I need to control byte order and be able to de/serialize arbitrary Plain-Old-Datatype objects to binary custom file formats. I didn't directly find a Nim library which allows flexible storage options like representing enum and pointers with Big-Endian 32-bit. Or maybe I just don't know how to use the feature.

  • std/marshal : just JSON, i.e. no efficient, flexible nor binary format but cross-compatible
  • nim-serialization : seems like being made for human readable formats
  • nesm : flexible cross-compatibility? (It has some options and has a good interface)
  • flatty : no flexible cross-compatibility, no byte order?
  • msgpack4nim : no flexible cross-compatibility, byte order?
  • bingo : ?

Flexible cross-compatibility means, it must be able to de/serialize fields independently of Nim's ABI but with customization options.

Maybe "Kaitai Struct" is more what I look for, a file parser with experimental Nim support.

TL;DR

As a workaround for a serialization library I tried myself at a recursive "member fields reverser" that makes use of std/endians which is almost sufficient.

But I didn't succeed with implementing byte reversal of arbitrarily long objects in Nim. Not practically relevant but I still wonder if Nim has a solution.

I found reverse() and reversed() from std/algorithm but I need a byte array to reverse it and turn it back into the original object type. In C++ there would be reinterprete_cast, in C there is void*-cast, in D there is a void[] cast (D allows defining array slices from pointers) but I couldn't get it working with Nim.

I tried cast[ptr array[value.sizeof, byte]](unsafeAddr value)[] but I can't assign it to a new variable.
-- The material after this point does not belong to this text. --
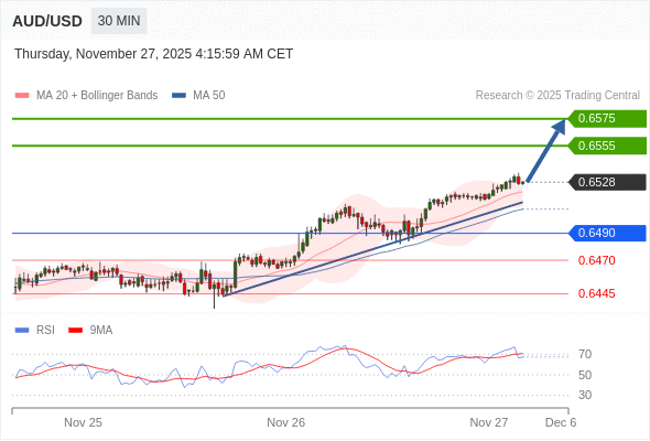 在 0.6490 之上,看涨,目标价位为 0.6555 ,然后为 0.6575 。
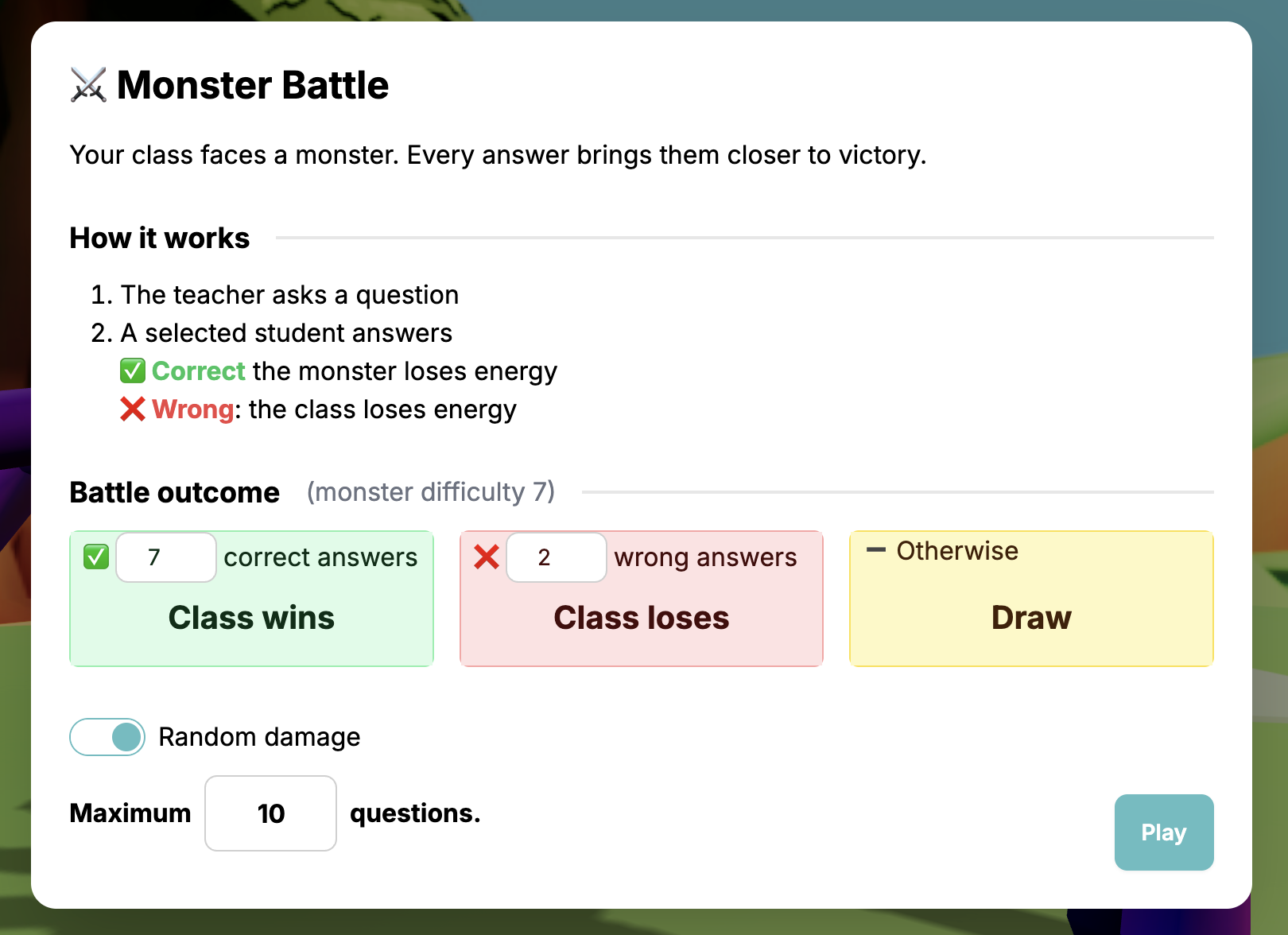 - 🏠 Nadzorna plošča → Učiteljska orodja → Bitka z Pošastmi

Maybe there was a different problem.

How to "byte reverse" arbitrary long Plain-Old-Datatype objects?

How to serialize to binary files with byte order, member field size, pointer as file "offset - start offset"? Are there bitfield options in Nim?


Solution

  • It is indeed possible to use algorithm.reverse and the appropriate cast invocation to reverse bytes in-place:

    import std/[algorithm,strutils,strformat]
    
    type
      LittleEnd{.packed.} = object
        a: int8
        b: int16
        c: int32
      BigEnd{.packed.} = object
        c: int32
        b: int16
        a: int8
    
    ## just so we can see what's going on:
    proc `$`(b: LittleEnd):string = &"(a:0x{b.a.toHex}, b:0x{b.b.toHex}, c:0x{b.c.toHex})"
    proc `$`(l:BigEnd):string = &"(c:0x{l.c.toHex}, b:0x{l.b.toHex}, a:0x{l.a.toHex})"
    
    
    var lit = LittleEnd(a: 0x12, b:0x3456, c: 0x789a_bcde)
    echo lit # (a:0x12, b:0x3456, c:0x789ABCDE)
    
    var big:BigEnd
    
    copyMem(big.addr,lit.addr,sizeof(lit))
    
    # here's the reinterpret_cast you were looking for:
    cast[var array[sizeof(big),byte]](big.addr).reverse
    
    echo big # (c:0xDEBC9A78, b:0x5634, a:0x12)
    

    for C-style bitfields there is also the {.bitsize.} pragma but using it causes Nim to lose sizeof information, and of course bitfields wont be reversed within bytes

    import std/[algorithm,strutils,strformat]
    
    type
      LittleNib{.packed.} = object
        a{.bitsize: 4}: int8
        b{.bitsize: 12}: int16
        c{.bitsize: 20}: int32
        d{.bitsize: 28}: int32
      BigNib{.packed.} = object
        d{.bitsize: 28}: int32
        c{.bitsize: 20}: int32
        b{.bitsize: 12}: int16
        a{.bitsize: 4}: int8
    const nibsize = 8
    
    proc `$`(b: LittleNib):string = &"(a:0x{b.a.toHex(1)}, b:0x{b.b.toHex(3)}, c:0x{b.c.toHex(5)}, d:0x{b.d.toHex(7)})"
    proc `$`(l:BigNib):string = &"(d:0x{l.d.toHex(7)}, c:0x{l.c.toHex(5)}, b:0x{l.b.toHex(3)}, a:0x{l.a.toHex(1)})"
    var lit = LitNib(a: 0x1,b:0x234, c:0x56789, d: 0x0abcdef)
    echo lit # (a:0x1, b:0x234, c:0x56789, d:0x0ABCDEF)
    
    
    var big:BigNib
    
    copyMem(big.addr,lit.addr,nibsize)
    cast[var array[nibsize,byte]](big.addr).reverse
    echo big # (d:0x5DEBC0A, c:0x8967F, b:0x123, a:0x4)
    

    It's less than optimal to copy the bytes over, then rearrange them with reverse, anyway, so you might just want to copy the bytes over in a loop. Here's a proc that can swap the endianness of any object, (including ones for which sizeof is not known at compiletime):

    template asBytes[T](x:var T):ptr UncheckedArray[byte] = 
      cast[ptr UncheckedArray[byte]](x.addr)
    
    proc swapEndian[T,U](src:var T,dst:var U) =
      assert sizeof(src) == sizeof(dst)
      let len = sizeof(src)
      for i in 0..<len:
        dst.asBytes[len - i - 1] = src.asBytes[i]